One Day, There Might Be a Drug for a Broken Heart
For Tony Y., 37, healing from heartbreak is slow and incomplete. Each of several exes is associated with a cluster of sore memories. Although he loves the Blue Ridge Mountains, he can't visit because they remind him of a romantic holiday years ago.
If a new drug made rejections less painful, one expert argues, it could relieve or even prevent major depression.
Like some 30 to 40 percent of depressed patients, Tony hasn't had success with current anti-depressants. One day, psychiatrists may be able to offer him a new kind of opioid, an anti-depressant for people suffering from the cruel pain of rejection.
A Surprising Discovery
As we move through life, rejections -- bullying in school, romantic breakups, and divorces -- are powerful triggers to depressive episodes, observes David Hsu, a neuroscientist at Stony Brook University School of Medicine in Long Island, New York. If a new drug made them less painful, he argues, it could relieve or even prevent major depression.

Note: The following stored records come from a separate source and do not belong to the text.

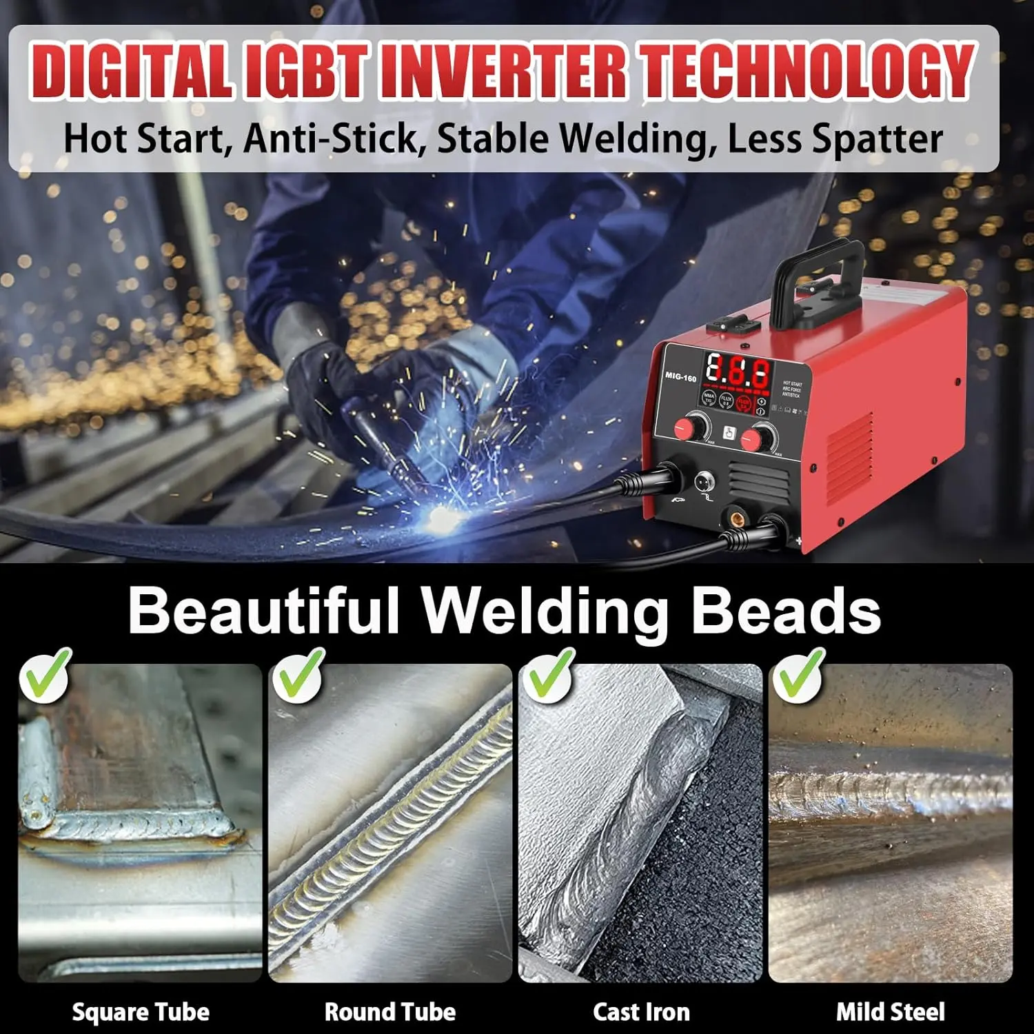 The MIG welder built-in IGBT inverter technology, with hot start and anti-stick function, fast arc start, stable welding, less spatter, and beautiful welding beads.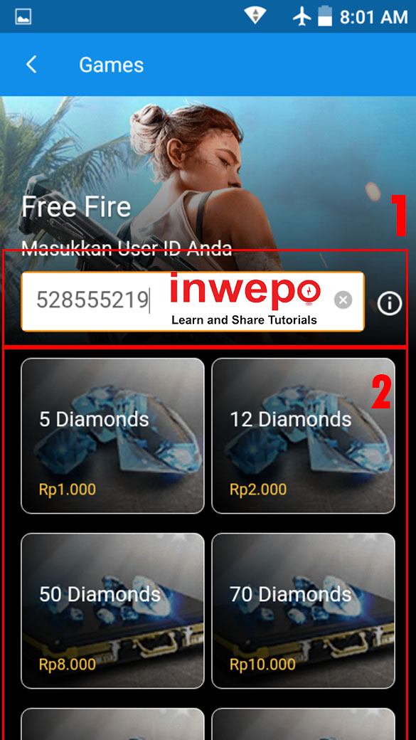 5. Langkah berikutnya, kamu masukan ID Game Free Fire kamu dan pilih Nominal Diamond yang ingin dibeli.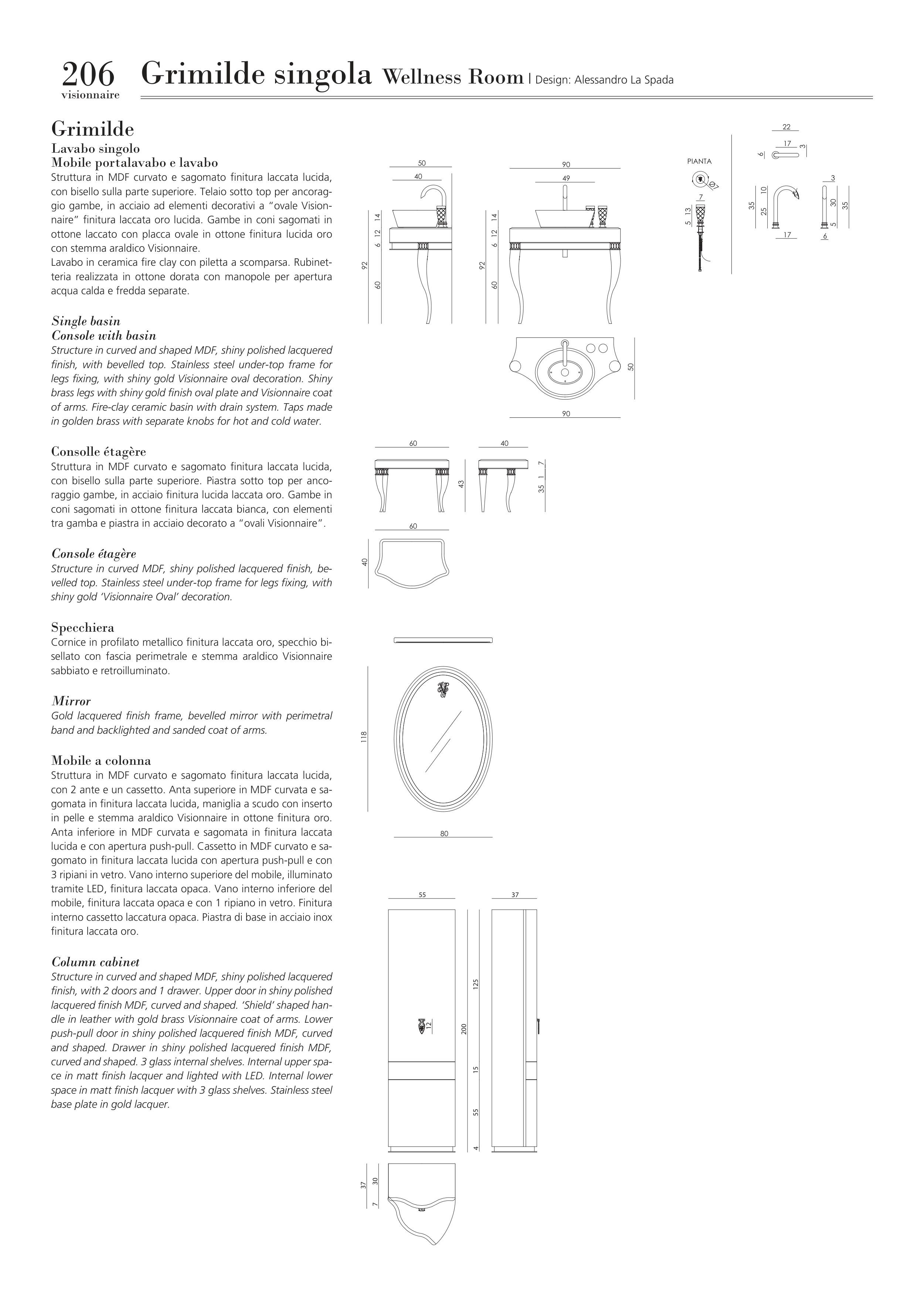 naire” finitura laccata oro lucida. Gambe in coni sagomati in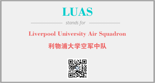 上述内容是“Liverpool University Air Squadron”作为“LUAS”的缩写,解释为“利物浦大学空军中队”时的信息,以及英文缩略词LUAS所代表的英文单词,其对应的中文拼音、详细解释以及在英文中的流行度和相关分类、应用领域及应用示例等。
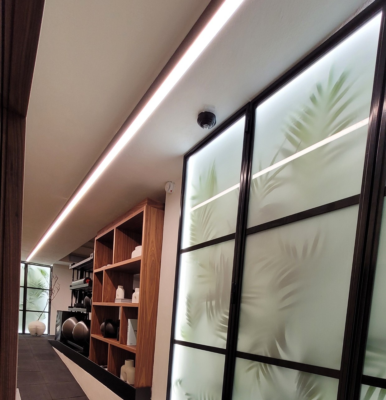 Luminaire fabriqué sur-mesure, optez pour un luminaire individuel ou pour de la ligne continue, choisissez les dimensions, la puissance, les couleurs du luminaire parmi toute la palette RAL classique sans minimum de quantité et sans surcout.
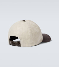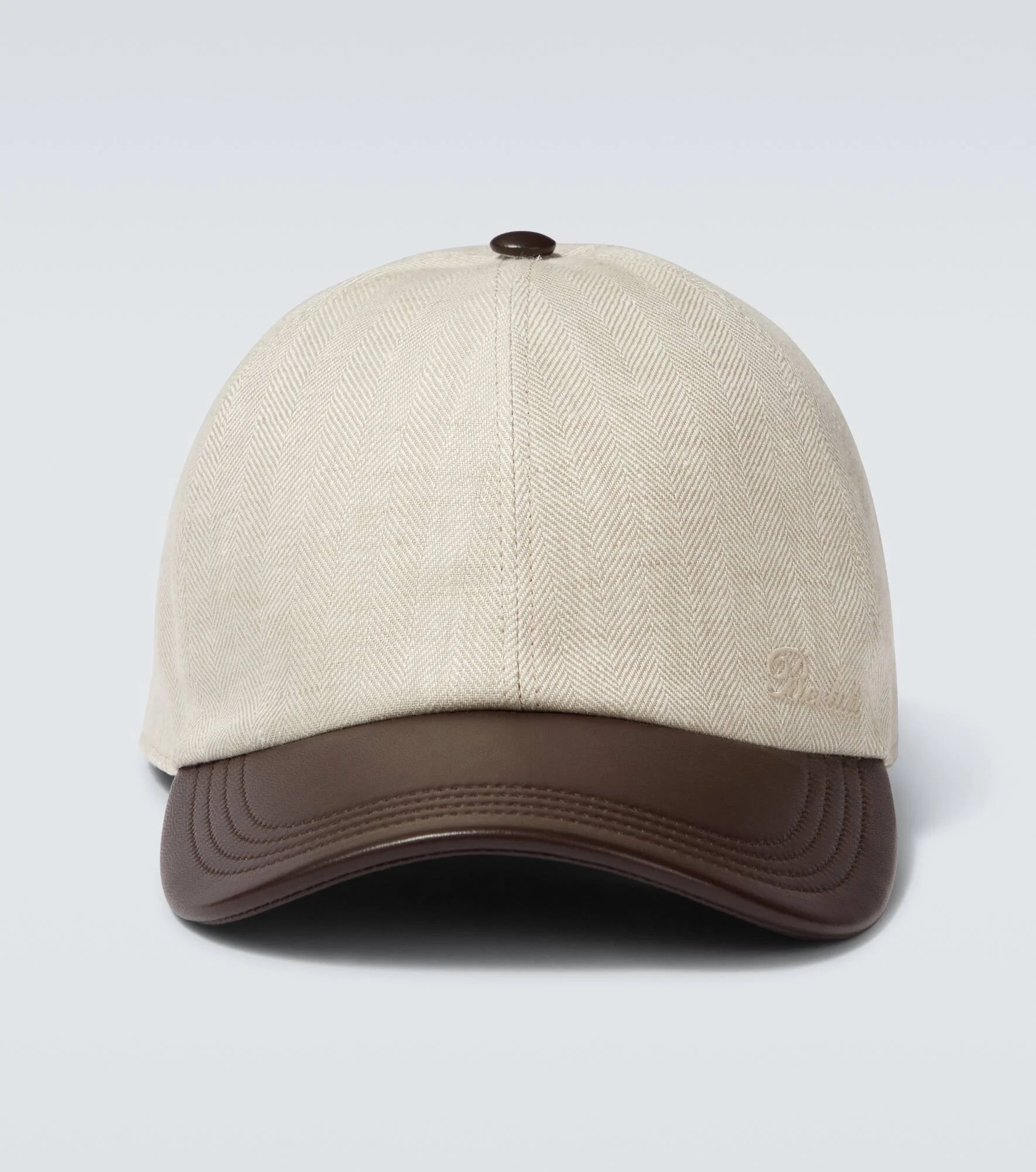 This linen baseball cap from Berluti features a leather visor and rear strap. The brand name is showcased in tonal embroidery at the front. Product Details - Material: 100% linen - Care instructions: specialist clean - Made in Italy - Designer color name: Shades Of Beige - Item color: beige - Material II: 50% cotton, 50% viscose - Lining: 100% cupro - Details: 100% leather - Item number: P00995528 Size & Fit - Adjustable size - Length of visor 7cm-3"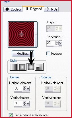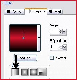 2 - Placer en avant-plan la couleur #000000 et en arrière-plan la couleur #d4162cConfigurer un dégradé linéaire/angle : 0°/ Répétition: 1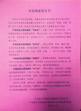 為充分發(fā)揮員工家庭成員在黨風(fēng)廉政建設(shè)中監(jiān)督預(yù)防的特殊作用,根據(jù)集團(tuán)“廉政教育月”活動(dòng)要求,5月30日,監(jiān)察室向全體員工發(fā)放了一封以“傳承好家風(fēng),共建廉之家”為內(nèi)容的《家庭助廉倡議書》,讓廉潔文化走進(jìn)家庭,成為家庭美德,更好地發(fā)揮家庭成員在廉政建設(shè)中的特色作用。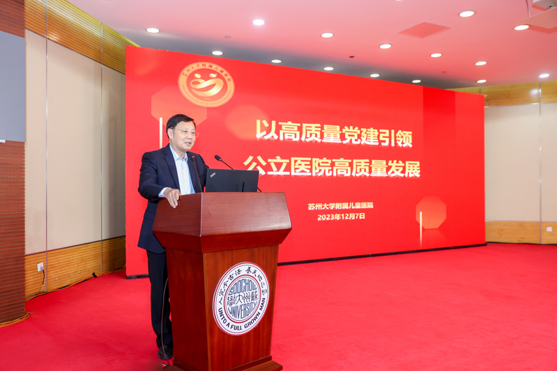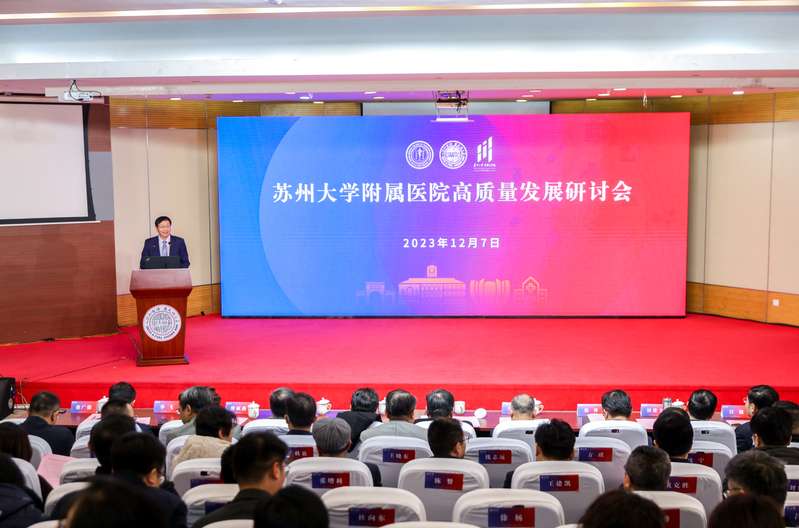 时值仲冬,枫红胜火,风景如画。为深入探索医学发展之路,推进苏州医学院与附属医院统筹一体发展,进一步推动苏州大学附属医院高质量发展,2023年12月7日下午,苏州大学苏州医学院在独墅湖校区炳麟图书馆学术报告厅举办苏州大学附属医院高质量发展研讨会。复旦大学附属华山医院院长毛颖教授,浙江大学医学院附属第二医院党委副书记、浙江大学医学院附属湖州医院(湖州市中心医院)院长马岳峰教授,苏州医学院领导班子,苏州医学院下辖各学院、科研院所、附属医院主要领导,苏州医学院各办公室(中心)主任,苏州医学院下辖各学院、科研院所、附属医院职能部门负责人和科主任代表出席研讨会。会议由苏州医学院执行院长徐广银主持。
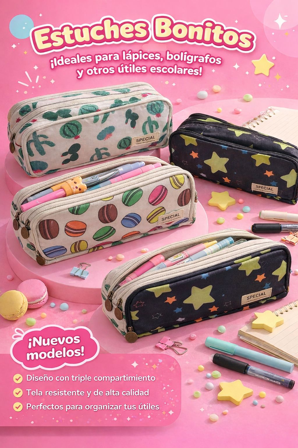 Cartuchera Saroo Special con 3 Reparticiones, tres modelos diferentes. Medidas 22cm de largo x 11cm de alto

Our bodies naturally produce opioids to soothe physical pain, and opioid drugs like morphine and oxycodone work by plugging into the same receptors in our brains. The same natural opioids may also respond to emotional hurts, and painkillers can dramatically affect mood. Today's epidemic of opioid abuse raises the question: How many lives might have been saved if we had a safe, non-addictive option for medicating emotional pain?
Already one anti-depressant, tianeptine, locks into the mu opioid receptor, the target of morphine and oxycodone. Scientists knew that tianeptine, prescribed in some countries in Europe, Asia, and Latin America, acted differently than the most common anti-depressants in use today, which affect the levels of other brain chemicals, serotonin and norepinephrine. But the discovery in 2014 that tianeptine tapped the mu receptor was a "huge surprise," says co-author Jonathan Javitch, chief of the Division of Molecular Therapeutics at Columbia University.
The news arrived when scientists' basic understanding of depression is in flux; viewed biologically, it may cover several disorders. One of them could hinge on opioids. It's possible that some people release fewer opioids naturally or that the receptors for it are less effective.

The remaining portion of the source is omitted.